3

I'm building a function that takes a list which contains three different types of elements: integers, floats, and strings. The function converts the list to a dictionary with keys for each of these three different categories. Then each element in that original list is placed into the appropriate key-value pair (e.g. all string elements in the list get assigned to the "string" key). I'm able to get this working correctly, however I'm unable to sort the values inside the dictionary values (which are lists). Here's what I have:

def list_dict_sort(input_list): 
    mixed_list =['asdf', 33, 'qwerty', 123.45, 890, 3.0, 'hi', 0, 'yes', 98765., '', 25]
    sorted_dict = {}                 
    sorted_dict['integer'] = []       
    sorted_dict['float'] = []
    sorted_dict['string'] = []
    for x in mixed_list:           
        if "int" in str(type(x)):  
            sorted_dict['integer'].append(x) 
        elif "float" in str(type(x)):
            sorted_dict['float'].append(x)
        elif "str" in str(type(x)):
            sorted_dict['string'].append(x)
    sorted_dict.sort
    return(sorted_dict)

list_dict_sort(mixed_list)

this returns:

{'float': [123.45, 3.0, 98765.0],
 'integer': [33, 890, 0, 25],
 'string': ['asdf', 'qwerty', 'hi', 'yes', '']}

so structurally the function gets me what I want, except that the value-lists are sorted. The exact output that I'd like is:

{'float': [3.0, 123.45, 98765.0],
 'integer': [0, 25, 33, 890],
 'string': ['asdf', 'hi', 'qwerty',  'yes', '']}

Ideally I want to avoid doing an import here (e.g. operator), I'm just looking for a simple/basic way of sorting the value-lists. I tried using sort and sorted() but couldn't figure out how to build them in to what I already have. Is there a clean way of doing this or is there a more efficient way?

martineau
  • 119,623
  • 25
  • 170
  • 301
David
  • 459
  • 5
  • 13
  • You could use `bisect.insort` when you inserting each element. However, you will have to do `import bisect`. See [here](https://stackoverflow.com/a/18001030/1586200) for more details. – Autonomous Feb 06 '18 at 21:50
  • is there a way to add sorted or sort() into my current script? – David Feb 06 '18 at 22:41
  • See if this works (not tested). Replace `sorted_dict['integer'].append(x) ` by `bisect.insort(sorted_dict['integer'], x)`. Same for floats and strings. Then remove the line `sorted_dict.sort`. – Autonomous Feb 06 '18 at 23:58

3 Answers3

2

You could just go over the values and sort them:

for v in sorted_dict.values():
    v.sort();
Mureinik
  • 297,002
  • 52
  • 306
  • 350
  • I tried this and it returns {'float': [], 'integer': [], 'string': []} – David Feb 06 '18 at 22:53
  • @David this definitely does work. Please edit your question to show how you integrated this snippet to you code and I'll try to see what went wrong. – Mureinik Feb 07 '18 at 06:19
1

Note that you could also use the type of the mixed elements as the dictionary key, so it can be calculated directly from the elements as they are inserted, and so that when retrieving later, you don't need to know a special string (e.g. "wait, did I use 'integer' or 'int' for the key?")...

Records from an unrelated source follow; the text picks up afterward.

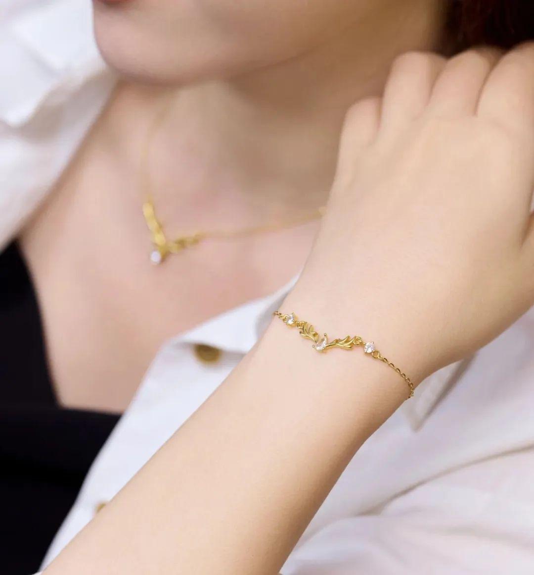 鹿角点缀的氧化锆光泽感非常好,点缀在金色之间,摇光芒曳,拥有迷人的光感。
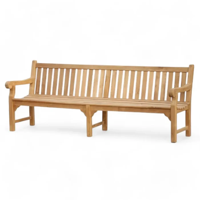 Durable and comfortable teak wood garden bench with high back and armrests. Weather-resistant and ideal for any outdoor space.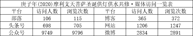 在此期间,佛教导航各媒体平台发布共修活动页面,访问总人数14958人,页面总浏览量15126次。通过积福慧微商城、微信群、微信、支付宝转账等方式参与,随喜供灯款总额4565元,供水款2180元。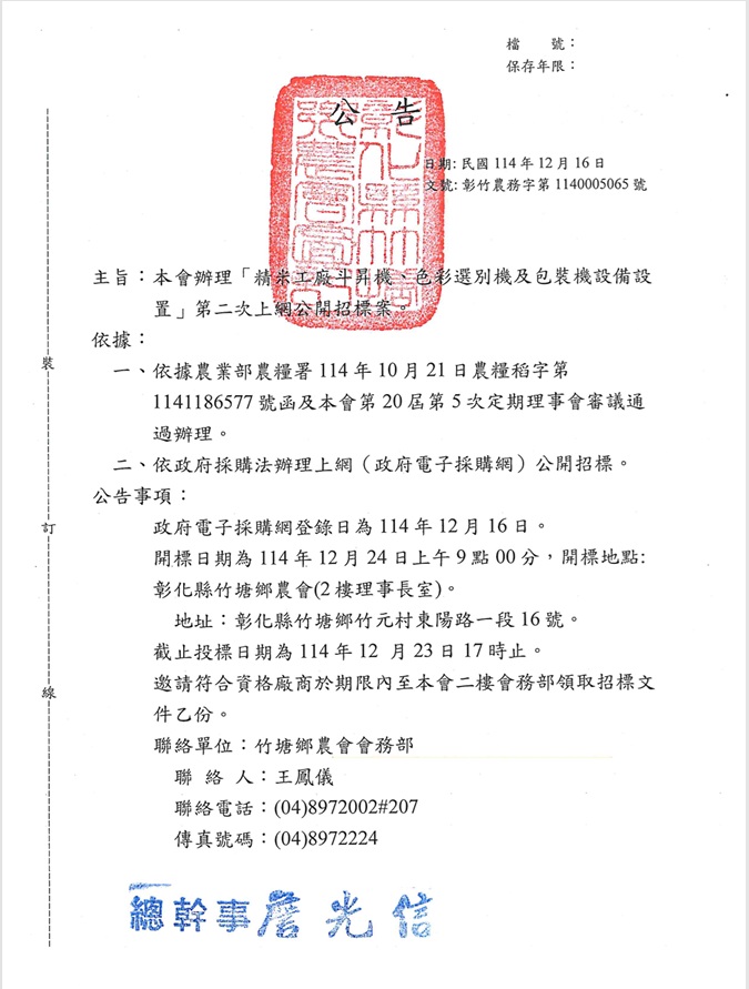 公告本會精米廠色彩選別機、斗升機、包裝機採購公告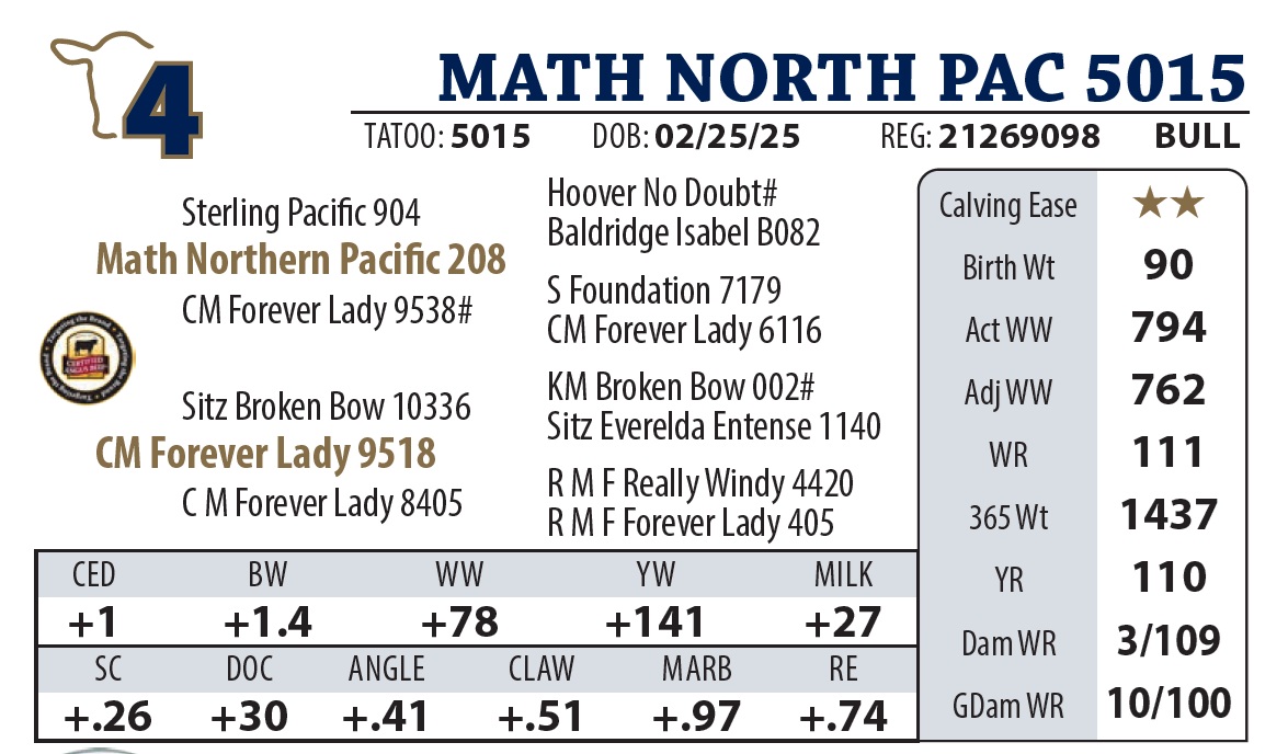 | MATH NORTH PAC 5015 | 4Y | YEARLING BULL | This bull checks all the boxes. A high-octane performance bull with a pedigree “stacked” for maternal excellence. By doubling up on the Forever Lady 6116 and 9518 lines(maternal sisters), we’ve ensured this bull has the genetic horsepower to sire elite females. |

In [4]: from collections import defaultdict

In [5]: d = defaultdict(list)

In [6]: mixed_list = ['asdf', 33, 'qwerty', 123.45, 890, 3.0, 'hi', 0, 'yes', 98765., '', 25]

In [7]: for value in mixed_list:
   ...:     d[type(value)].append(value)
   ...:     

In [8]: d
Out[8]: 
defaultdict(list,
            {str: ['asdf', 'qwerty', 'hi', 'yes', ''],
             int: [33, 890, 0, 25],
             float: [123.45, 3.0, 98765.0]})

In [9]: for k, v in d.items():
   ...:     v.sort()
   ...:     

In [10]: d
Out[10]: 
defaultdict(list,
            {str: ['', 'asdf', 'hi', 'qwerty', 'yes'],
             int: [0, 25, 33, 890],
             float: [3.0, 123.45, 98765.0]})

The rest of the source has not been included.